Directions for this task → The line that contains "即便是在竞争最激烈的《赛博朋克 2077》中,DLSS 4.5" marks the start. Please set it down, with every later line of the data, exactly and without pictures.

Recorded information →
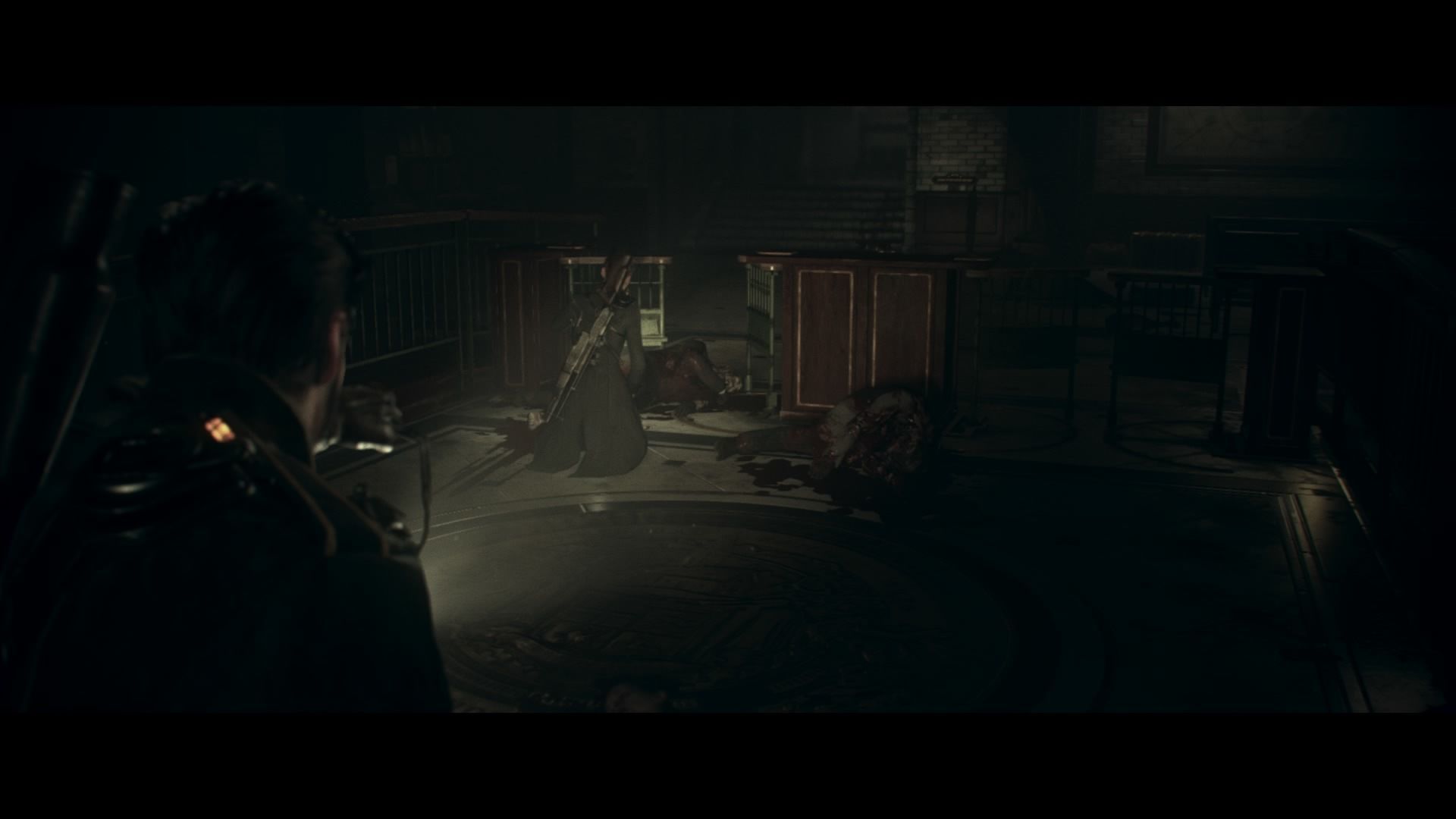 Al llegar al edificio verás que no es un lugar muy acogedor. Más bien todo lo contrario, no hay mucha luz y la presencia de los hombres lobo se puede notar. A la entrada verás varios cuerpos y uno es interactivo. Investiga la mesa del fondo y ve por los pasillos, hay más rebeldes aislados. Galahad se separa de Igraine y toma el camino más oscuro.
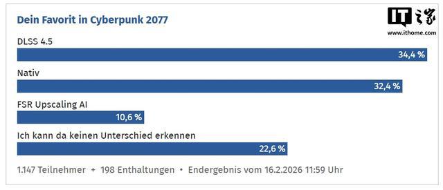 即便是在竞争最激烈的《赛博朋克 2077》中,DLSS 4.5 依然以 34.4% 的得票率险胜原生渲染(32.4% 选票)。
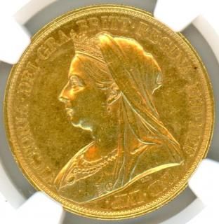 イギリス5ポンド金貨 ヴィクトリアオールド 1893年 AU55/極美品 送料込
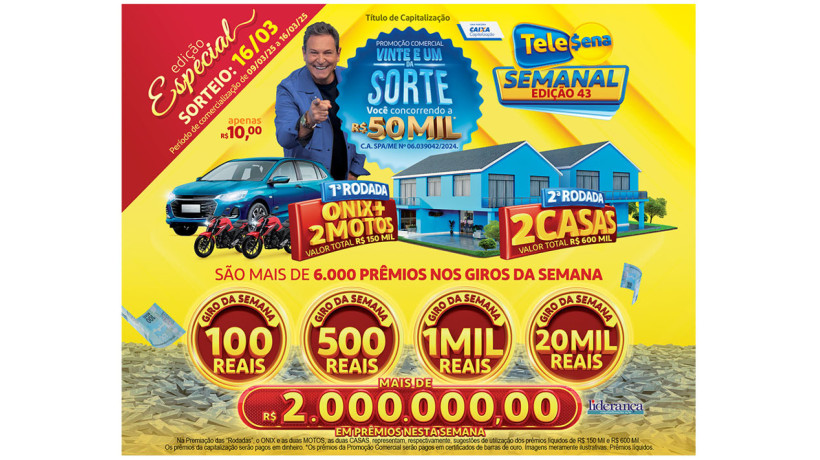 Tele Sena Semanal: 43º sorteio hoje (16/03/25); mais de R$ 2 milhões em prêmios

Solution to this task →
 即便是在竞争最激烈的《赛博朋克 2077》中,DLSS 4.5 依然以 34.4% 的得票率险胜原生渲染(32.4% 选票)。
 イギリス5ポンド金貨 ヴィクトリアオールド 1893年 AU55/極美品 送料込
 Tele Sena Semanal: 43º sorteio hoje (16/03/25); mais de R$ 2 milhões em prêmios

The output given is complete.